_Instructions for the task_
In the entries below, find the line with "Au 1er étage" and the line with "Switch **ON** your"; copy them and every line between them exactly, but not the pictures.

*** Task inputs

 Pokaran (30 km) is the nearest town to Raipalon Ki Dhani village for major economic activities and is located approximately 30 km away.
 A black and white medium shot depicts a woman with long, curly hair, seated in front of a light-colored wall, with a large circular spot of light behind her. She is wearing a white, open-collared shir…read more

******
*** Task inputs

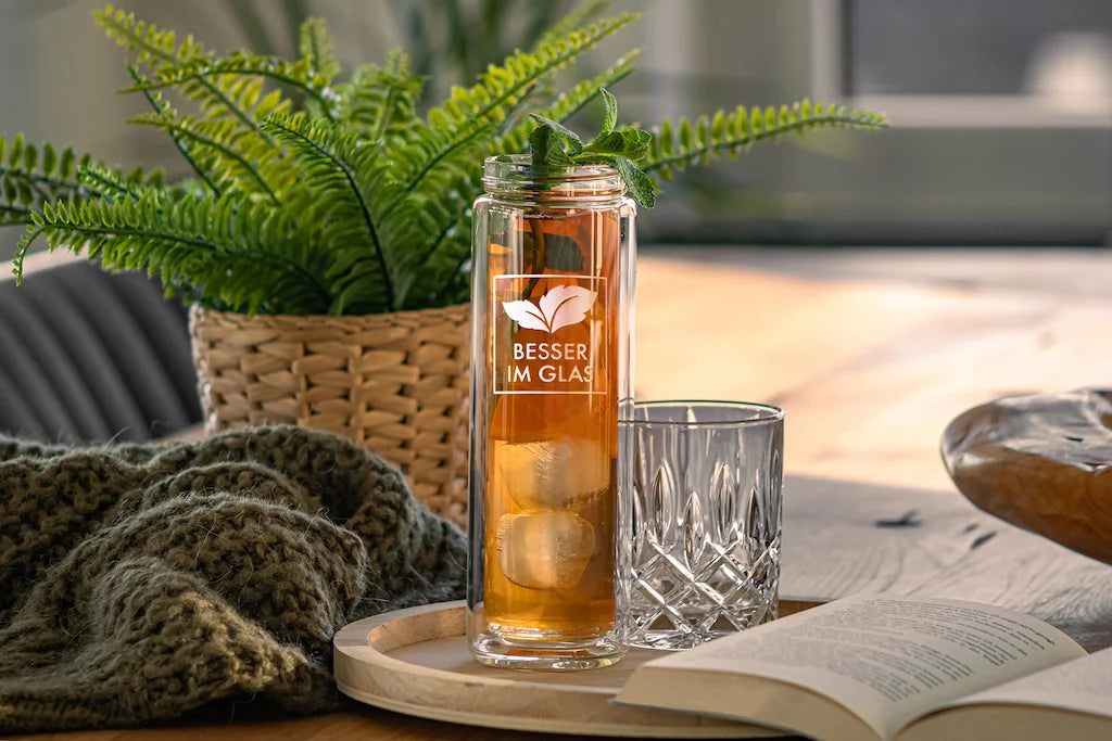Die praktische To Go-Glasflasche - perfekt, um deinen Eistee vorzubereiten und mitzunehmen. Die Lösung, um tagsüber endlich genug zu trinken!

******
*** Task inputs

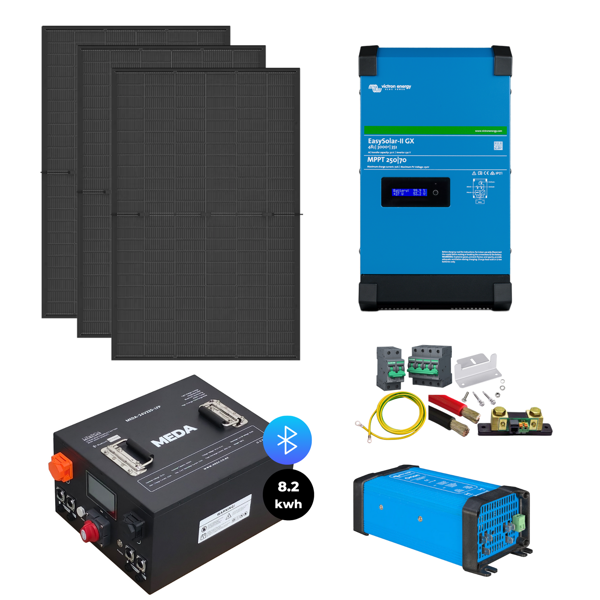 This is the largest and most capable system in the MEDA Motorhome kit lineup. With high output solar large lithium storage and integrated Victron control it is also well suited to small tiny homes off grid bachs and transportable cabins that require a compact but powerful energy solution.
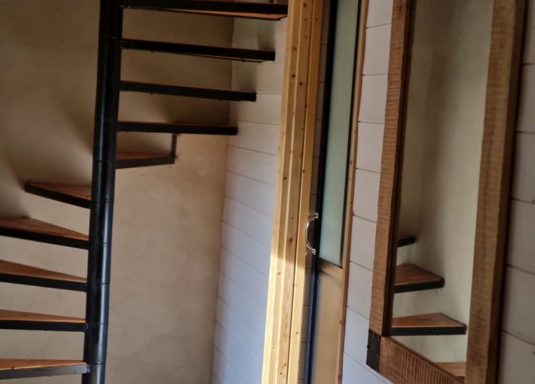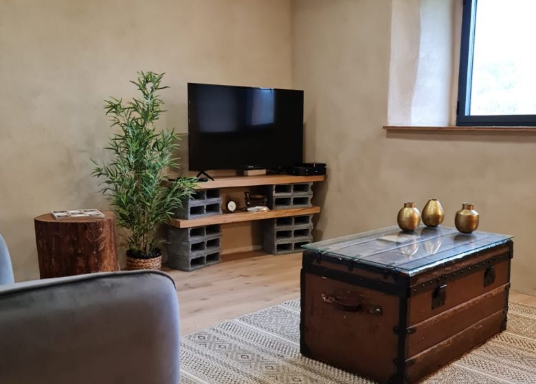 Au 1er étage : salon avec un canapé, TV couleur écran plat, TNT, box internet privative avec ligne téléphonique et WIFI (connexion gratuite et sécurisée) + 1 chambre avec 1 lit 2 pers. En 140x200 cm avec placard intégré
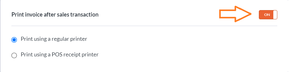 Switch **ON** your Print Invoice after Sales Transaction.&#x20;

******

_Your solution_
 Au 1er étage : salon avec un canapé, TV couleur écran plat, TNT, box internet privative avec ligne téléphonique et WIFI (connexion gratuite et sécurisée) + 1 chambre avec 1 lit 2 pers. En 140x200 cm avec placard intégré
 Switch **ON** your Print Invoice after Sales Transaction.&#x20;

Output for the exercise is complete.